重载派生类中的新运算符

Question

I have overloaded new operator in the Base class. However, when I add additional overloaded new to the Derived class gcc compiler does not find new operator in the Base class. Why?

Best, Alex

#include <stdlib.h>
template <class t> class Base {
  public:
    Base() {}
    void * operator new (size_t size, void *loc) { return loc; }
};

template <class t> class Derived : public Base<t> {
  public:
    Derived() {}
    void * operator new (size_t size, int sz, void *loc) { return loc; }

};

void foo() {
  void *loc = malloc(sizeof(Derived<char>));
  Derived<char> *d = new (loc) Derived<char>();
}

gcc output:

   new.cpp: In function ‘void foo()’:
new.cpp:17:45: error: no matching function for call to ‘Derived<char>::operator new(sizetype, void*&)’
  Derived<char> *d = new (loc) Derived<char>();
                                             ^
new.cpp:17:45: note: candidate is:
new.cpp:11:10: note: static void* Derived<t>::operator new(size_t, int, void*) [with t = char; size_t = unsigned int]
   void * operator new (size_t size, int sz, void *loc) { return loc; }
          ^
new.cpp:11:10: note:   candidate expects 3 arguments, 2 provided

Answer 1

When you invoke the operator new via the placement new expression

new (loc) Derived<char>();

the compiler looks for an overload of operator new in the Derived class (and not the Base class).
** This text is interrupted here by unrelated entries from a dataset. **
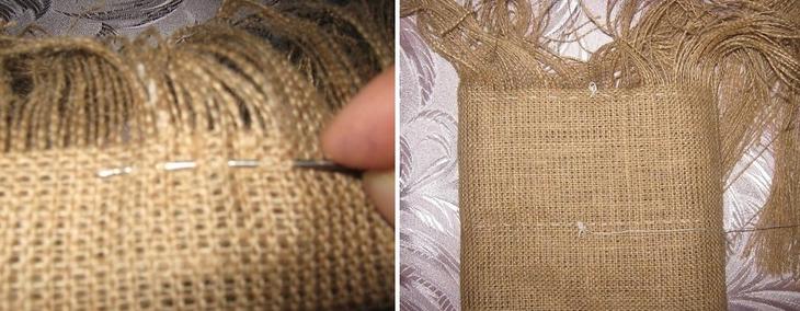 Складываем заготовку пополам и, отступив от края мешковины 1.5 см, прошиваем боковые края вручную или на машинке, закругляя нижние уголки.
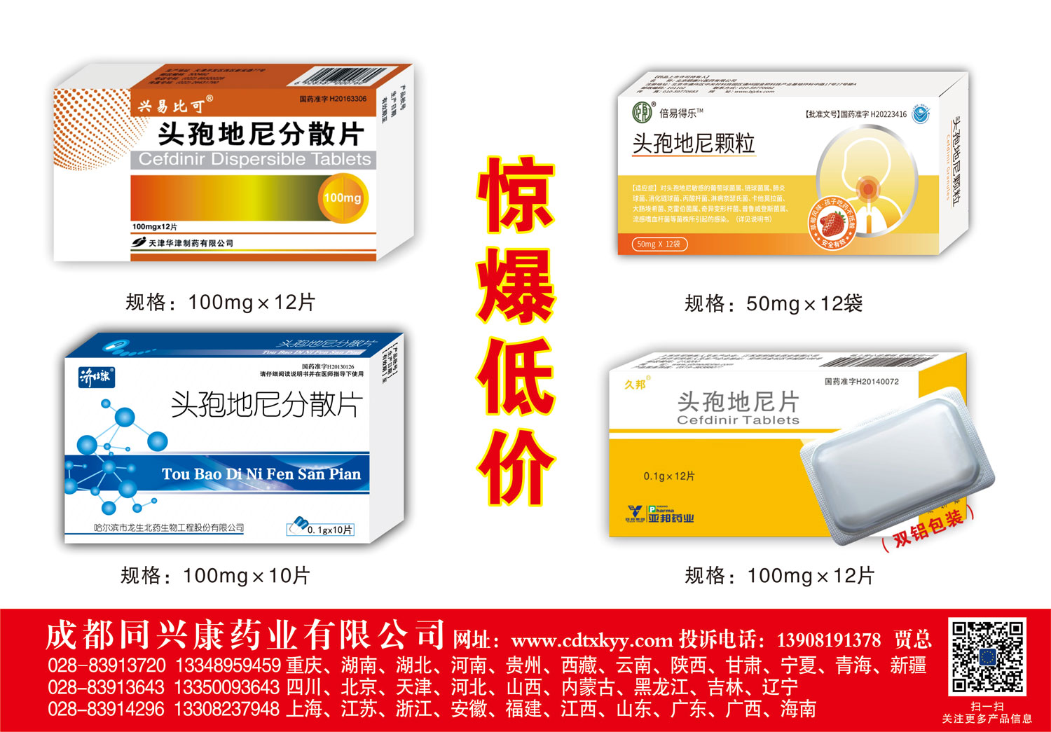 同興康:頭孢地尼招商,顆粒分散片多劑型,大廠(chǎng)家大品牌,服用方便,嚴(yán)格控銷(xiāo),禁止掛網(wǎng)
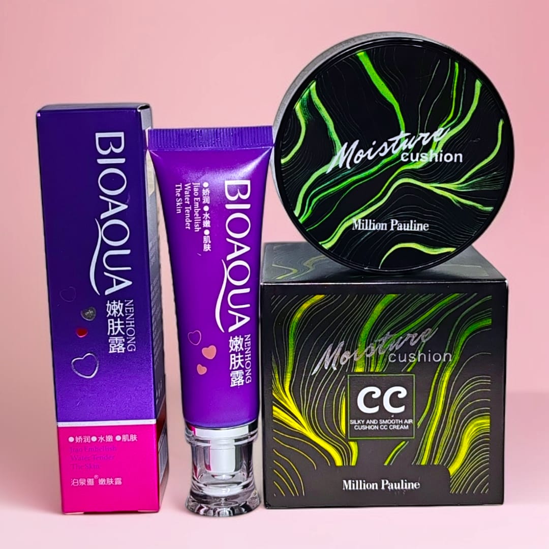 COMBO DE BASE CUSHIÓN MILLION PAULINE ALTA COBERTURA + DESPIGMENTANTE CORPORAL Y FACIAL BIOAQUA
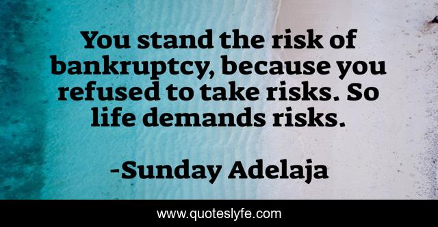 This page presents the quote "You stand the risk of bankruptcy, because you refused to take risks. So life demands risks.". Author of this quote is Sunday Adelaja. This quote is about life, bankruptcy, risk, demands,.
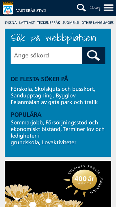 76%på vasteras.se kan du använda kommunens digitala tjänster. här hittar du också svar på de vanligaste frågorna kring kommunens uppdrag och service.
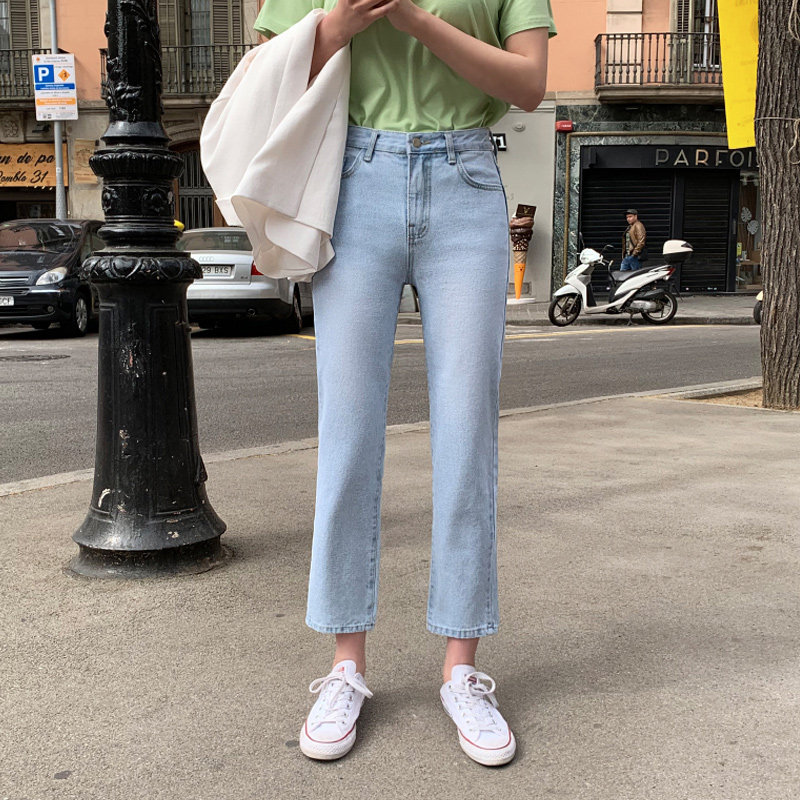 Светлые джинсы, осенние приталенные штаны, свободный прямой крой, коллекция 2021, высокая талия, подходит для подростков
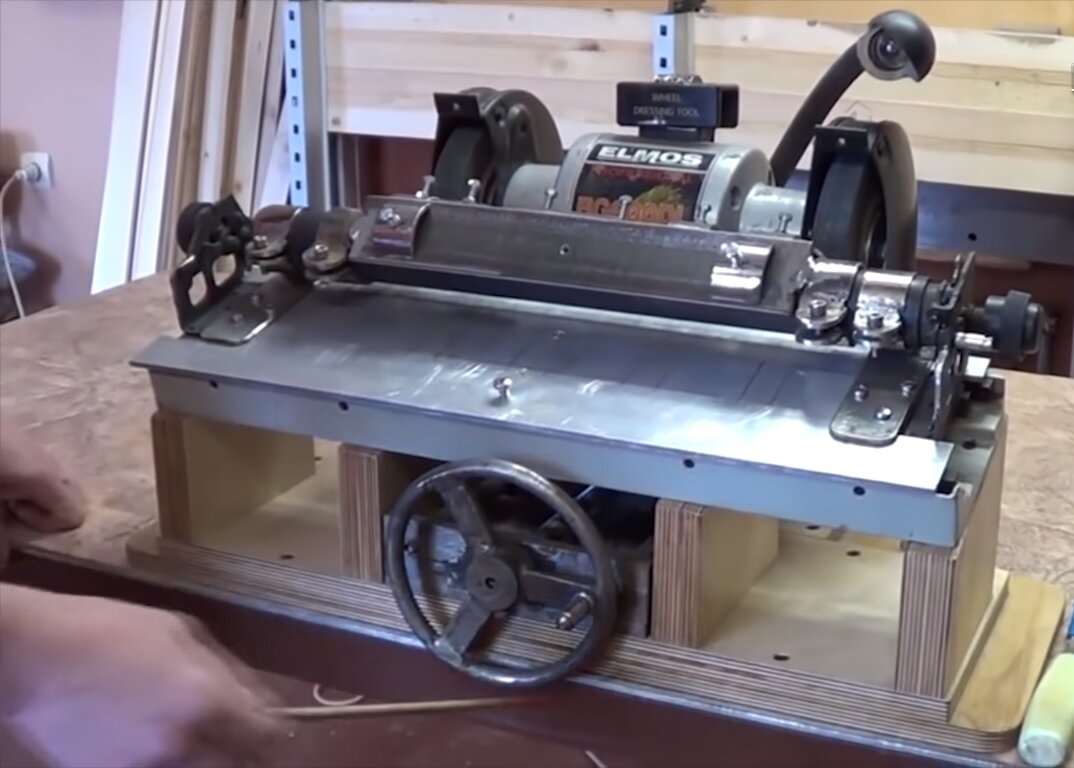 Здравствуйте, дорогие читатели нашего канала про загородную жизнь! Сегодня мы рассмотрим несколько интересных полезностей для дома, дачи и гаража. У режущего инструмента есть одно очень гадкое свойства, он со временем становится тупым. Нам прислали довольно интересный метод. Очень неплохая доработка заточного станка, которая поможет содержать ваши инструменты в подобающем состоянии. Точилу установили на подставку из фанеры. При помощи винтовой подачи его можно перемещать вперед-назад, также в дело пошла каретка от пишущей машинки. Инструмент фиксируется на коретке при помощи держателя из пластины и обрезков трубы. Дальше дело техники. На наш взгляд очень классная идея. Спешим поделится следующей полезной находкой - тумба для рейсмуса. Она имеет нишу с полками и два выноса. На них удобно расположить струганные детали и те, которым только предстоит обработка. Кроме того, предусмотрен вот такой поддерживающий столик для длинных заготовок. Ноги его телескопические, благодаря чему
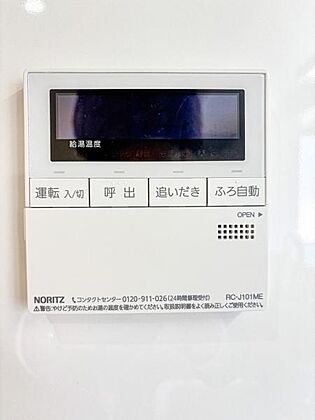 【フルオートバスシステム】浴槽の湯張りから、追い焚、足し湯までボタンひとつで操作。湯張りは一定量になるとチャイムでお知らせし、一定時間自動で保温します。
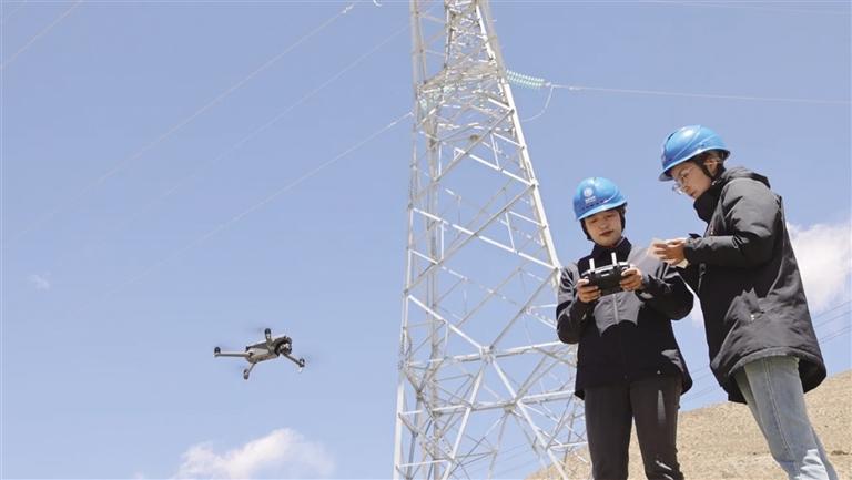 隊員們在用無人機進行巡檢。 圖由國網西藏電力有限公司提供
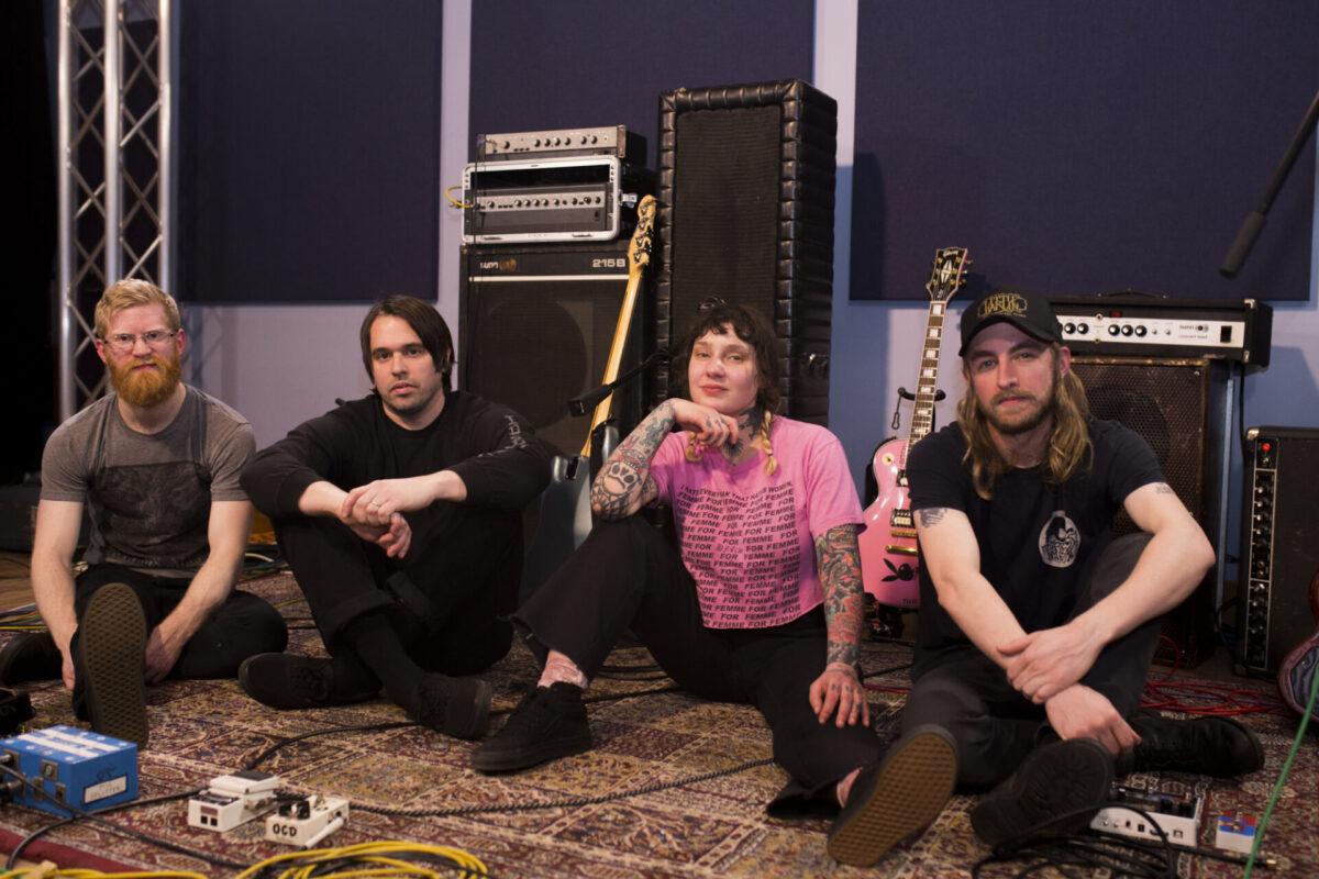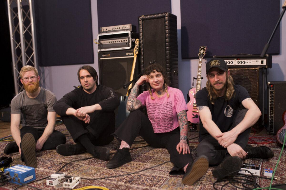 All that pent-up anger, frustration, hopelessness, and rage finds a release in Low Dose’s gutting, emotional debut record, as well as their live sets — you can see it in the above video of “Sinking,” recorded live for The Key Studio Sessions. The song is already roaring and racing, with Rosenberg and McGinnis swapping vocals about feeling trapped and isolated, suffocating in a toxic environment, when the music breaks into a free-form noise jam at the three-quarters point. The three bandmates with stringed instruments head directly to their amps, jam the necks along the speaker, and begin strumming and scraping their strings feverishly. At the drums, Smith is moving in 180-degree rotations, ambidextrously slamming different parts of the kit, goading the rest of Low Dose on until it comes to a breathless finale. Rosenberg and McGinnis are both on the floor catching their breath as the humming amps cycle down. Slowly, everybody gets up and walks away.
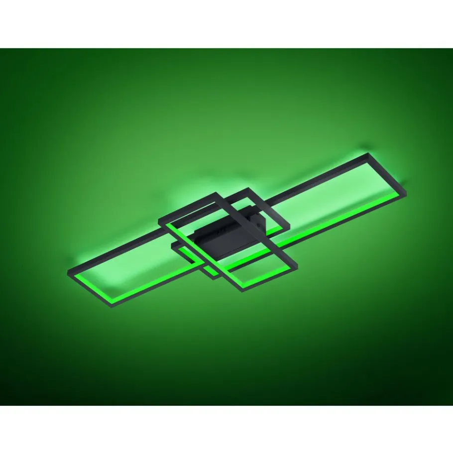 Get your light connected! De plafondlamp THIAGO levert een innovatief, flexibel en slim lichtdesign. WiZ-lampen bieden een ongelooflijk kleurenspectrum van 16 miljoen kleuren en 64.000 wittinten. Laat u wekken door zacht zonnelicht, begin boordevol energie aan de dag, ontspan u met rustgevend licht of maak van de nacht dag en dat alles helemaal eenvoudig via app. In tegenstelling tot andere Smart Home-providers is bij WiZ-lampen geen extra gateway nodig, zodat alle lampen volledig flexibel via een mobiel eindapparaat bediend kunnen worden. Bovendien kunnen de lampen gecombineerd worden met Alexa of Google Home, zodat de bediening via spraakassistent mogelijk is. Maar ook met de meegeleverde afstandsbediening of via de lichtschakelaar kunnen verschillende lichtprogramma’s en instellingen geselecteerd worden. Nog een voordeel is de flexibiliteit bij het gebruik: Zo kunnen de WiZ-lampen door meerdere gebruikers bediend, aan verschillende ruimtes of locaties toegekend en van overal bestuurd worden. De combinatie uit drie filigrane rechthoeken leidt tot een moderne lamp voor de woonzone of hal. De plafondlamp is in antraciet en laat zich probleemloos integreren in voor handen zijnde kleurconcepten. Daarnaast beschikt de lamp over een moderne ledtechnologie die zich onderscheidt met een hoge lichtkwaliteit en energie-efficiëntie. In vergelijking met gewone halogeenlampen kan tot 80% bespaard worden op de energiekosten. Bovendien hebben ledlampen een lange levensduur, produceren minder warmte en zijn milieuvriendelijk.
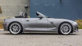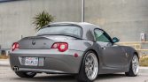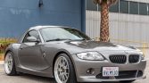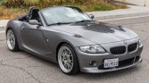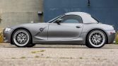 This 2005 BMW Z4 is finished in Sterling Grau Metallic over black Oregon leather and is powered by a 2.5-liter inline-six paired with a five-speed automatic transmission. Equipment includes a power-operated black soft top, xenon headlights, power-adjustable heated seats, and automatic climate control.
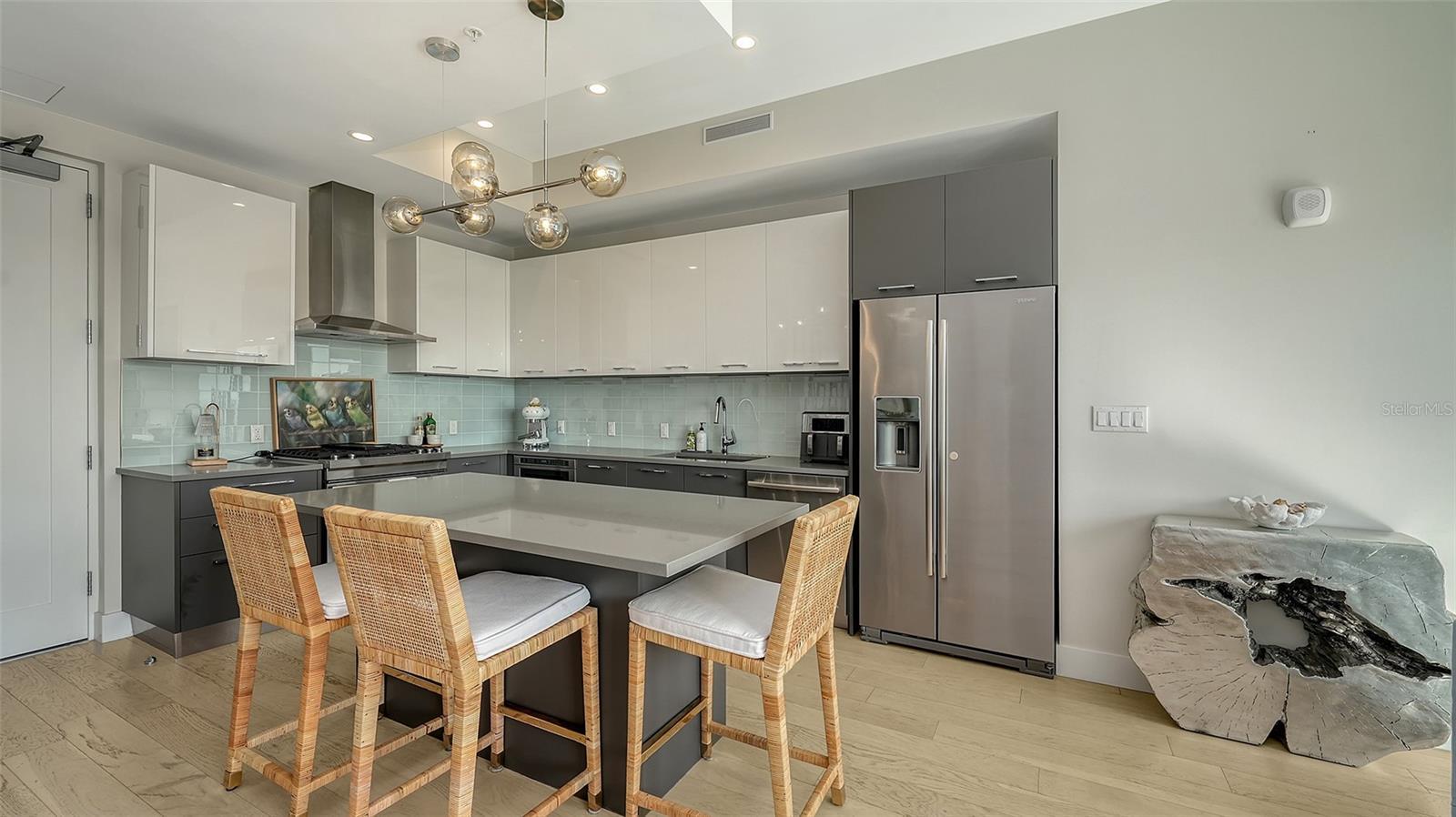 Welcome to The Orange Club #304 - Experience boutique urban living in the heart of Sarasota’s Historic Burns Court District, where modern design meets old Florida charm. This beautifully designed, contemporary-style three-bedroom, two-and-a-half-bath plus den condominium offers the perfect retreat for your Sarasota winter. Downtown is truly at your doorstep in this intimate, amenity-rich community built in 2017. With over 1,500 square feet of light-filled living space, this residence showcases a bright and spacious split-bedroom layout complemented by engineered wood floors, 10-foot ceilings, and floor-to-ceiling hurricane-impact windows and sliders with electric shades. The open-concept design creates a seamless flow between living, dining, and kitchen areas, ideal for entertaining or relaxing after a day by the beach. The chef-inspired kitchen is a stunning blend of form and function, featuring Jenn-Air appliances including a natural gas cooktop and refrigerator with in-door water dispenser, modern European-style cabinetry, gorgeous quartz countertops, and a large center island framed by glass tile backsplash. The primary suite offers a peaceful escape with a walk-in closet and a spa-inspired bath complete with dual vanities and a walk-in shower. The den provides the perfect flexible space for a home office or cozy reading nook. Step out onto your expansive private balcony to soak in Sarasota’s year-round sunshine. Overlooking the city and Laurel Park, it’s the perfect spot to sip your morning coffee or watch the sunset, complete with a tile floor, glass railing, and a gas hookup for grilling. Additional features include a laundry room with washer and dryer, private covered parking, and climate-controlled storage. Residents enjoy boutique amenities such as a heated community pool, electric car charging, and a state-of-the-art security system. Located just three miles from the white sands of Siesta Key Beach and surrounded by cafés, boutiques, art galleries, and theaters, The Orange Club combines downtown convenience with a relaxed coastal lifestyle. The Orange Club #304 is the ideal place to spend your winter—and to experience the very best of Sarasota living.
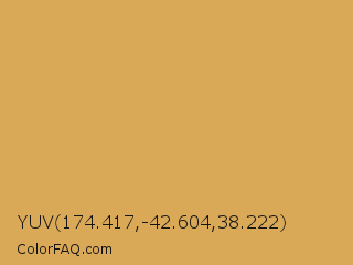 YUV 174.417,-42.604,38.222 Color is a normal orange color and the nearest color is Indian Yellow #e3a857. Hex code #daa958 and RGB value is rgb(218,169,88). In RGB color space, this color is composed of 85% red, 66% green, 35% blue, In CMYK color space, this color is composed of 0% cyan, 22% magenta, 60% yellow , 15% black , In HSL color space, this color has a hue angle of 37° , 64% saturation and 60% lightness.

It finds it, but your overload

void * operator new (size_t size, int sz, void *loc) { return loc; }
//                                ^ additional parameter

accepts more parameters, hence the error.

If you ask why the compiler is not smart enough to invoke the Base 's overload of operator new , it is because of name hiding : the operator new overload in the Derived class hides the one of the Base class. If you want to make the Base::operator new overload visible in your Derived class, use

using Base<t>::operator new;